= Iollas =

Son of Antipater, accused of murdering Alexander the Great

Iollas or Iolaos (Greek: Ἰόλλας or Ἰόλαος; lived 4th century BC) was the son of Antipater and the brother of Cassander, king of Macedon. He was one of the royal youths who, according to the Macedonian custom, held offices about the king's person and was cup-bearer to Alexander the Great during the period of his last illness (323 BC).

For those commentators on Alexander's death who adopted the idea of the king having been poisoned, Iollas is considered to be the person who actually administered the fatal draught at the banquet given to Alexander by Medius, who, according to this story, was an intimate friend of Iollas, and had been induced by him to take part in the plot.

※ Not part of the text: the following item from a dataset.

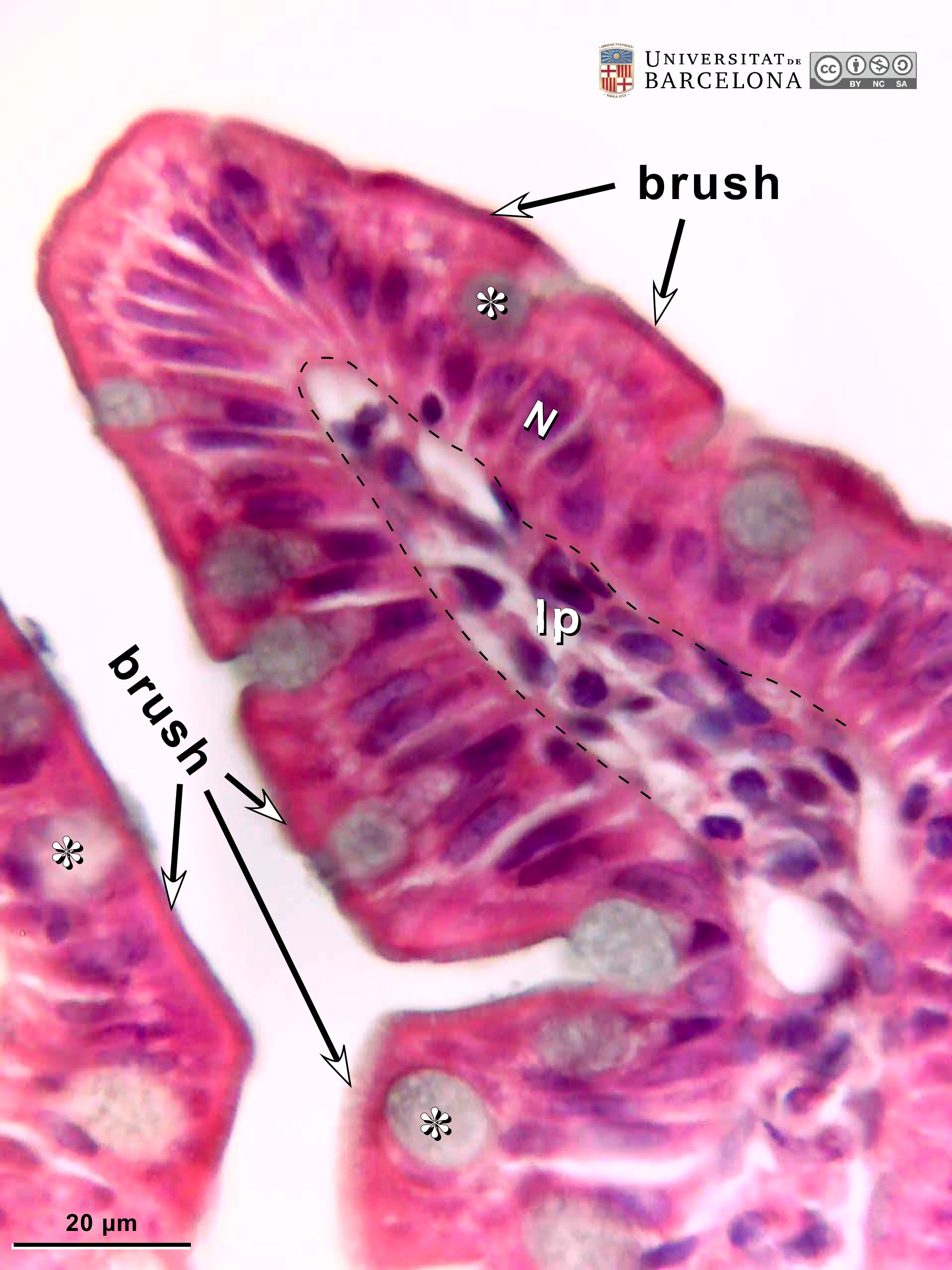 P_intestine_Heosin_brush_40x_16_LETTER.jpg | Tip of a villus in the small intestine in mice. The epithelium is tall and spans from the lamina propria (lp, dashed line) to the surface. Nuclei (N) are stained dark purple and lie in deep portions of the cells, forming a single row of nuclei: a simple or mono-layered epithelium. Cells are tall and their cytoplasm is dark pink. They are absorptive cells, and electron microscopy reveals that the apical surface presents a dense band of microvilli, which are not visible as such in light microscopy, but appear as a dark rim called the "brush border" (arrows). Intercalated between the absorptive cells, there are mucus-secreting cells – the goblet cells – with a round area accumulating mucous secretory granules that appear as round grey masses (asterisks). When the image is enlarged, individual mucous secretory granules are faintly perceptible there. Paraffin section, hæmatoxylin-eosin stain. | 538.01 kB | JPEG | ![]() View/Open |

Plutarch wrote that this version of events was never heard of until six years after Alexander's death (317 BC), when Olympias availed herself of this as an excuse for the cruelties she exercised upon the friends and supporters of Antipater. By that time Iollas was already dead, but she instructed that his grave be opened and desecrated with every mark of indignity.

The date and nature of Iollas' death is not mentioned anywhere. The last he is heard of is in 322 BC, when he accompanied his sister Nicaea to Asia, where she was married to Perdiccas. Hyperides proposed that the marriage was a reward to Iollas for being the murderer of Alexander.